The task calls for the lines below from the line with "适用于厂房地坪、墙面、铸铁、" to the line with "The Springville location", both ends included, copied exactly, without any pictures.

Data supplied »
==*==
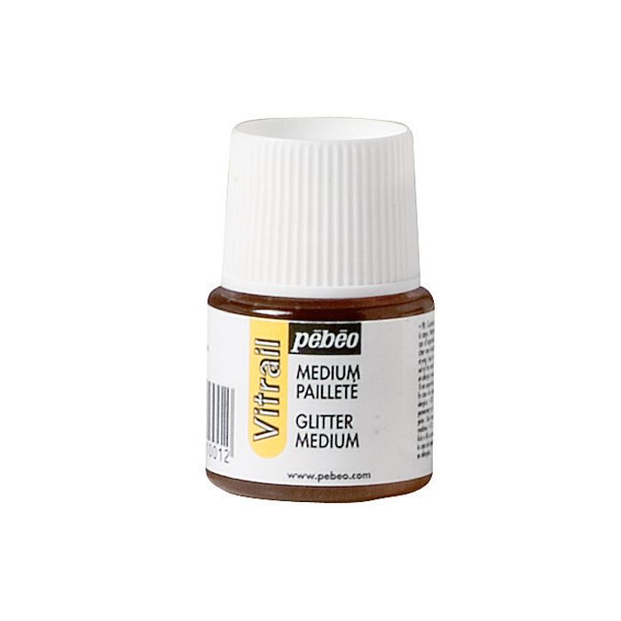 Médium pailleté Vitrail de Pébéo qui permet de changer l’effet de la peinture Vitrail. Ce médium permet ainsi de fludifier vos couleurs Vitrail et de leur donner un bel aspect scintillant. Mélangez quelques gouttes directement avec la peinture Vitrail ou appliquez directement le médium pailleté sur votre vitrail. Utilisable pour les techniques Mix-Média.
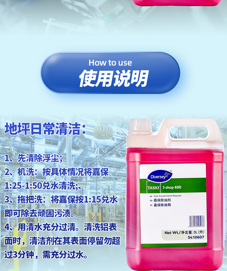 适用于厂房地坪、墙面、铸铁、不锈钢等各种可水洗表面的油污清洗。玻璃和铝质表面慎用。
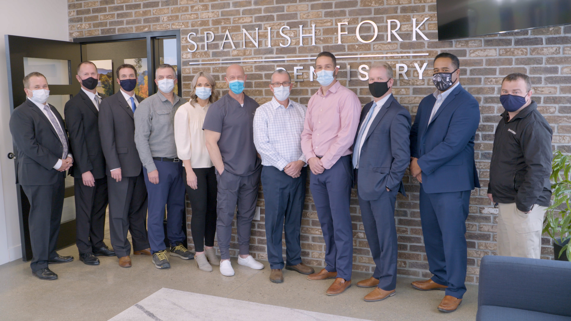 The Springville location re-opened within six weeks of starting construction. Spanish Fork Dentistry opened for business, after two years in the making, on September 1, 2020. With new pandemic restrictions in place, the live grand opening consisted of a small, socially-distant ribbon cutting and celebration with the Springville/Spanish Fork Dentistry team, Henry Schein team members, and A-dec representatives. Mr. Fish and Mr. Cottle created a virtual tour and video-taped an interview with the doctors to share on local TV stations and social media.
==*==
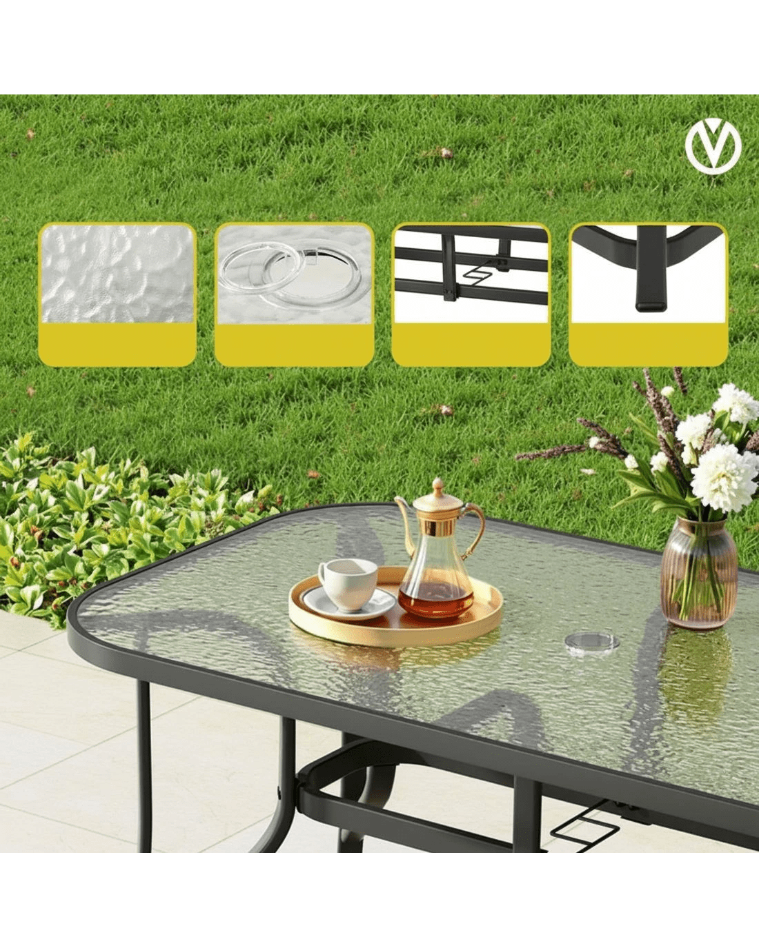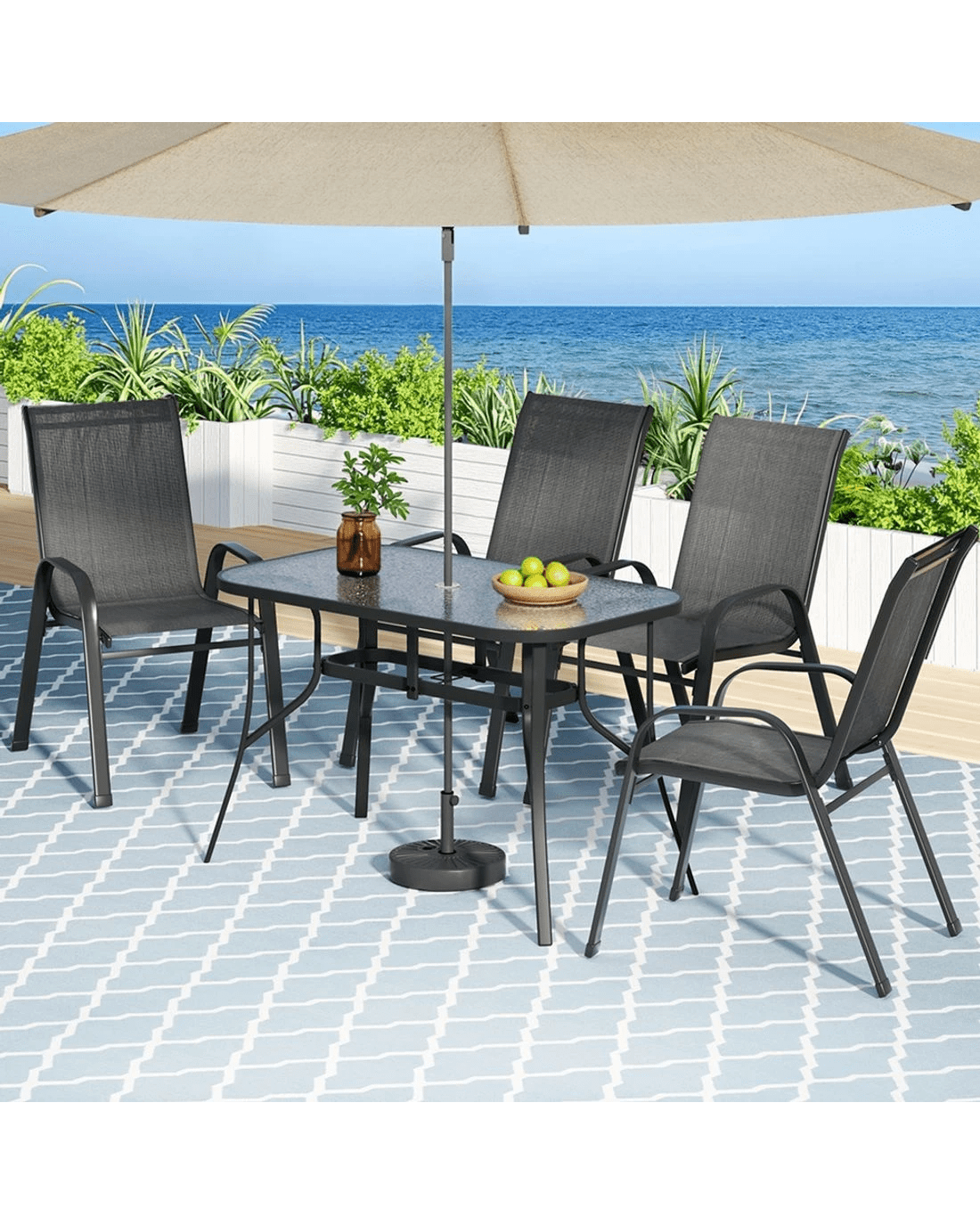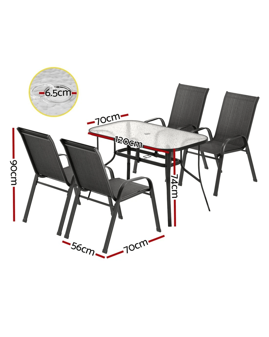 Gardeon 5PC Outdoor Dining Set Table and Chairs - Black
==*==
Result for this task »
 适用于厂房地坪、墙面、铸铁、不锈钢等各种可水洗表面的油污清洗。玻璃和铝质表面慎用。
 The Springville location re-opened within six weeks of starting construction. Spanish Fork Dentistry opened for business, after two years in the making, on September 1, 2020. With new pandemic restrictions in place, the live grand opening consisted of a small, socially-distant ribbon cutting and celebration with the Springville/Spanish Fork Dentistry team, Henry Schein team members, and A-dec representatives. Mr. Fish and Mr. Cottle created a virtual tour and video-taped an interview with the doctors to share on local TV stations and social media.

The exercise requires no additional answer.